PERUGIA – I sindaci della Lega dell’Umbria vanno all’attacco del premier Conte e delle ultime misure decise dal governo. “Sui buoni spesa annunciati da Conte molte persone già ci stanno scrivendo per capire cosa devono fare per accedere a questi aiuti, ma non ci hanno messi nella condizione di dare risposte minime”. A dirlo sono sei sindaci leghisti dell’Umbria dopo che il presidente del Consiglio ha annunciato lo stanziamento vincolato di 400 milioni di euro a favore dei più bisognosi nell’acquisto di generi alimentari, considerato “una pseudosoluzione inefficace ed inadeguata». Con un dpcm scatta anche l’anticipo ai Comuni del 60 per cento del Fondo di solidarietà, che gira intorno ai 4,3 milioni di euro, che erano «già state messe a bilancio e quindi non rappresentano alcun aiuto ulteriore per gli enti locali”.
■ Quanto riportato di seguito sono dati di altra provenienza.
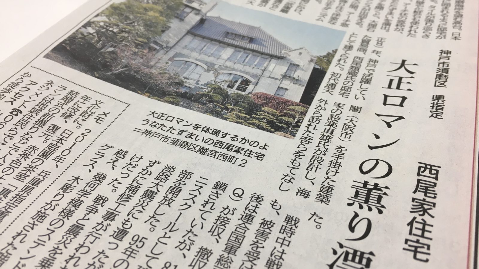 2018.03.09 【新聞】「神戸新聞」に神戸迎賓館 旧西尾邸が取り上げられました。 「わが町の文化財」として紹介いただいています。 掲載内容はこちら 神戸新聞 神戸版 2018年3月9日号 神戸新聞とは 本社が兵庫県神戸市中央区に所在する神戸新聞社が発行する新聞です。 https://www.kobe-np.co.jp/

Sindaci Leonardo Latini (Terni), Stefano Zuccarini (Foligno), Francesca Mele (Marsciano), Manuel Petruccioli (Giano dell’Umbria), Fabrizio Gareggia (Cannara), Luca Carizia (Umbertide) dicono che “il governo Conte scarica i problemi e le responsabilità sui sindaci dopo aver fatto la stessa cosa prima con gli ospedali, poi con i governatori di Regione”. Tutto questo secondo i sindaci della Lega “crea false aspettative» tra la popolazione più fragile. I sindaci leghisti, all’indomani della conferenza stampa di Conte, domandano «quali sono i criteri di ripartizione ai Comuni? Quali quelli di accesso al contributo? E qual è il meccanismo di erogazione del materiale? Chi dovrà occuparsene e in che modo per evitare assembramenti?”.